The next day, the under-butler made a jest about Mr. Harry’s puce coat and Ballard cursed him. He said he never wanted to hear of the damned coat again.”

“Ballard was angry about that puce coat on Saturday, after Charkin was murdered in it—by mistake?—on Friday.” Julius considered it. The inference was surely far-fetched. But Cyprian was far from foolish, and the idea of a threat to Harry slid coldly down his spine. “Very well, to the meat of it. Why would Ballard want to kill his master?”

Cyprian took a deep breath. “Lord Gideon knows that Mr. Harry has been buying and reading radical polemics of the most treasonous sort. That he received expensive trinkets from a wealthy lover when he was supposed to be courting Miss Verona. That he intends to assist Miss Verona in defying him—”

“Wait. How does Lord Gideon know, and where do you have all this from?”

“His housemaid is in my pay.” Cyprian made that outrageous statement without the slightest embarrassment. “She has seen Ballard there more than once. And Lord Gideon pays his salary, of course. I believe Ballard reports to him.”

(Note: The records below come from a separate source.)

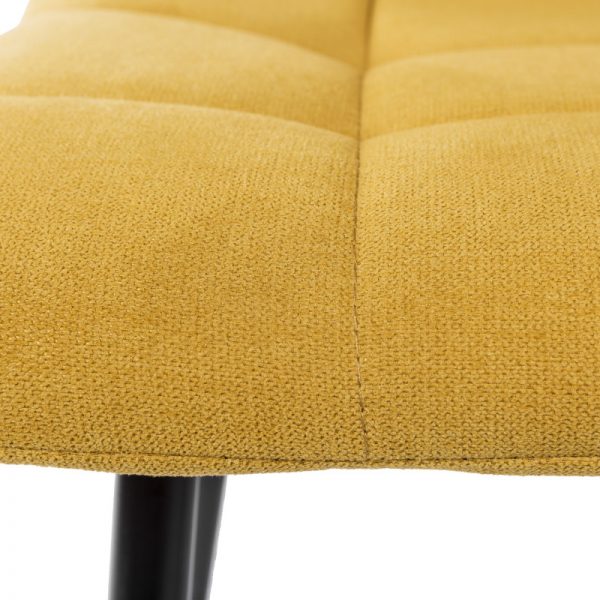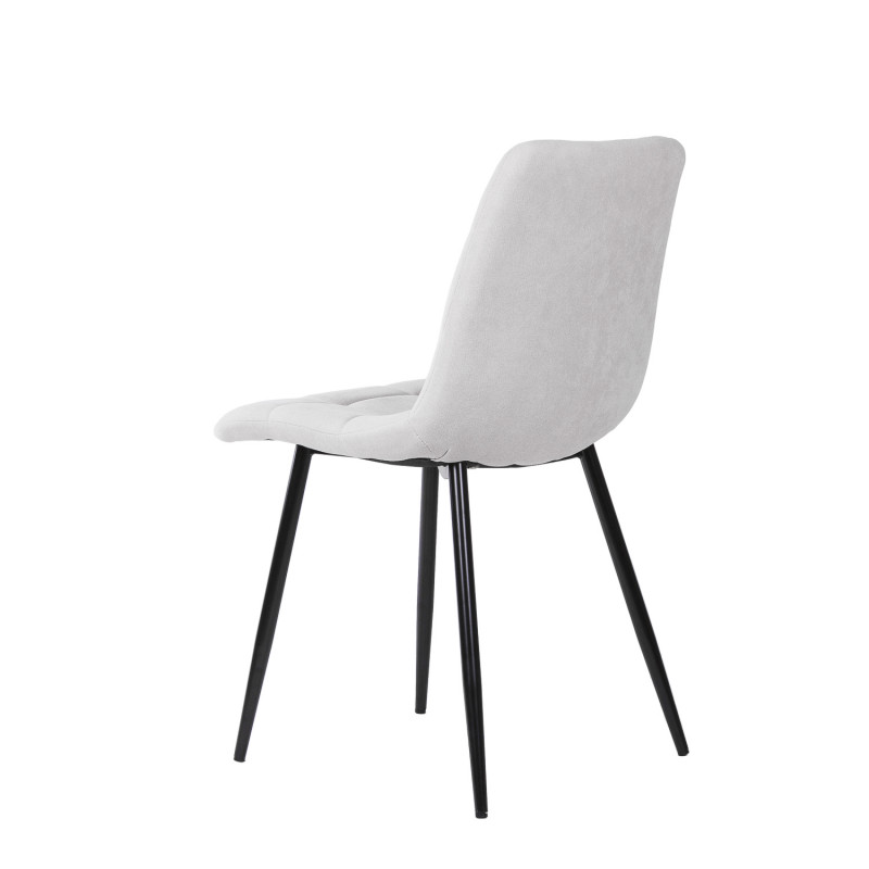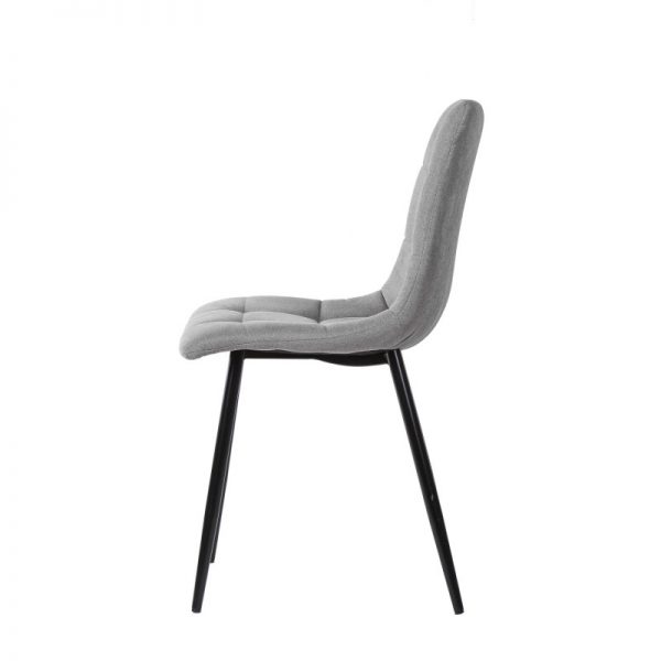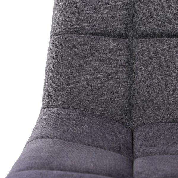 Es una silla cómoda y su tapizado en tela le da un toque moderno y elegante.
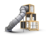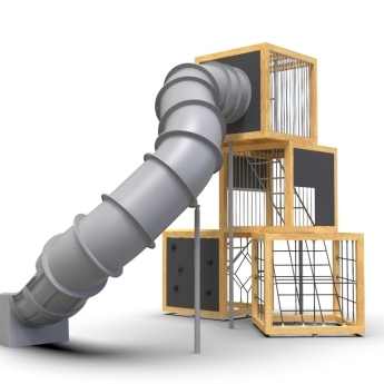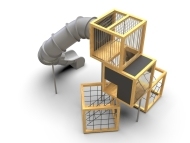 Hát most megtehetik... Kockákat tettünk egymásra , melyek egyben mászóóka ként is funckionálnak ! A lejutást persze csúszda is segíti !
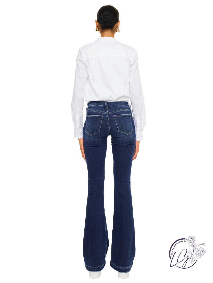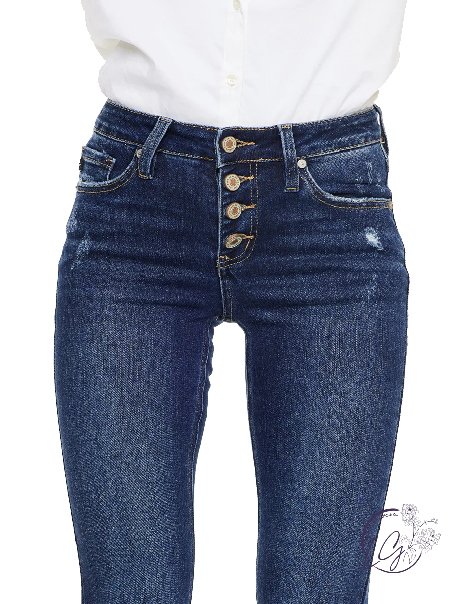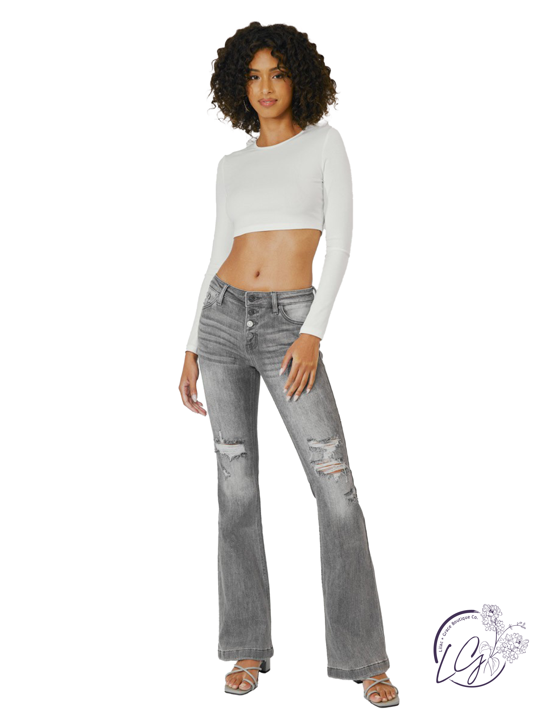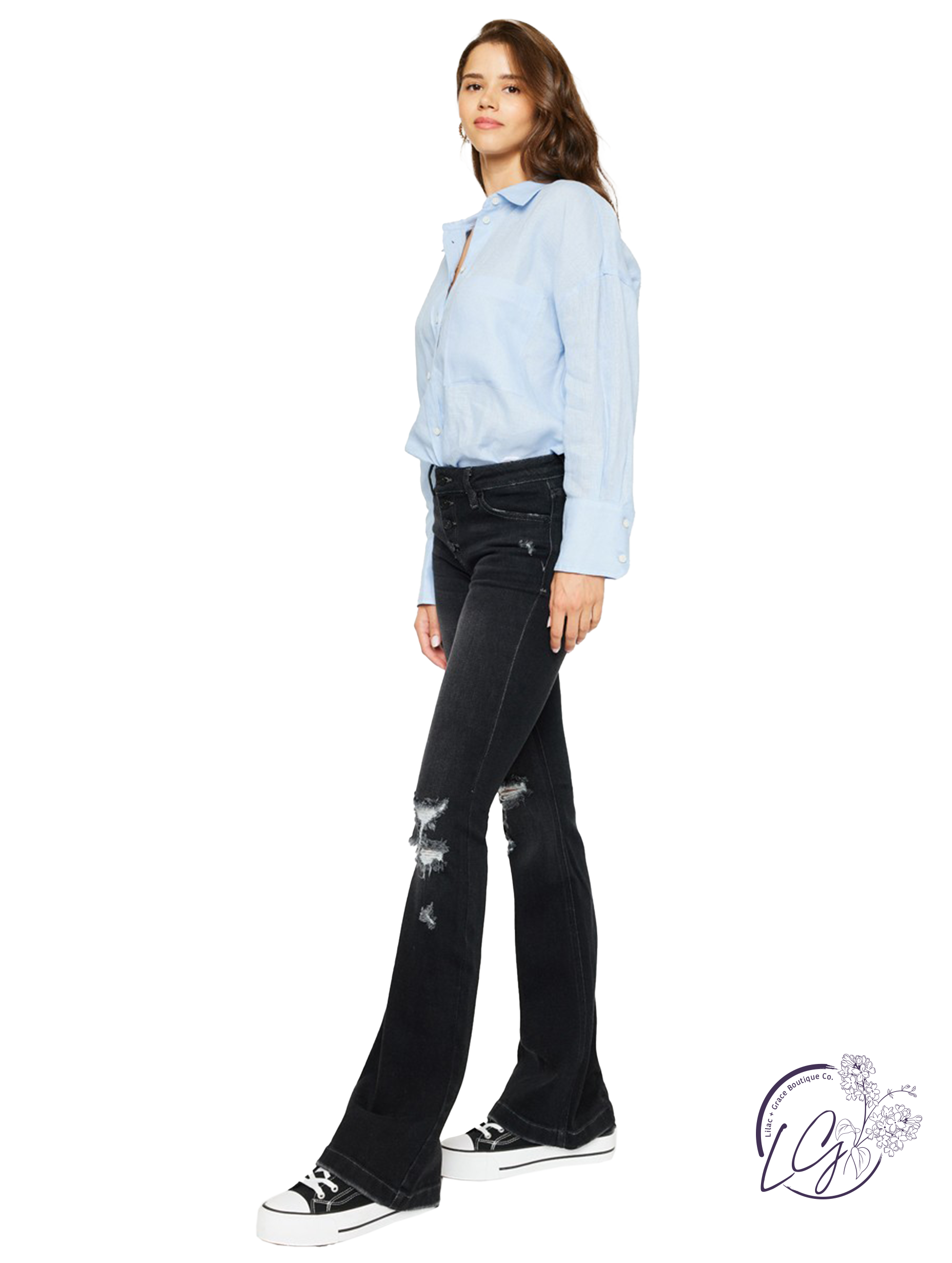 Nola Mid-Rise Button Fly Distressed Flare Jean by KanCan

Something Richard had told him clicked into place. Gideon’s suspicion that Harry had a wealthy lover, coming on the heels of his gift of the lapis pin. “If Harry received a lover’s token, would he tell his valet so? Damn it, of course he would.” With that irrepressible smile, no doubt, unable to conceal his pleasure.

“Mr. Harry is very frank with the servants, sir,” Cyprian said. “It’s quite upset Lord Richard’s household.”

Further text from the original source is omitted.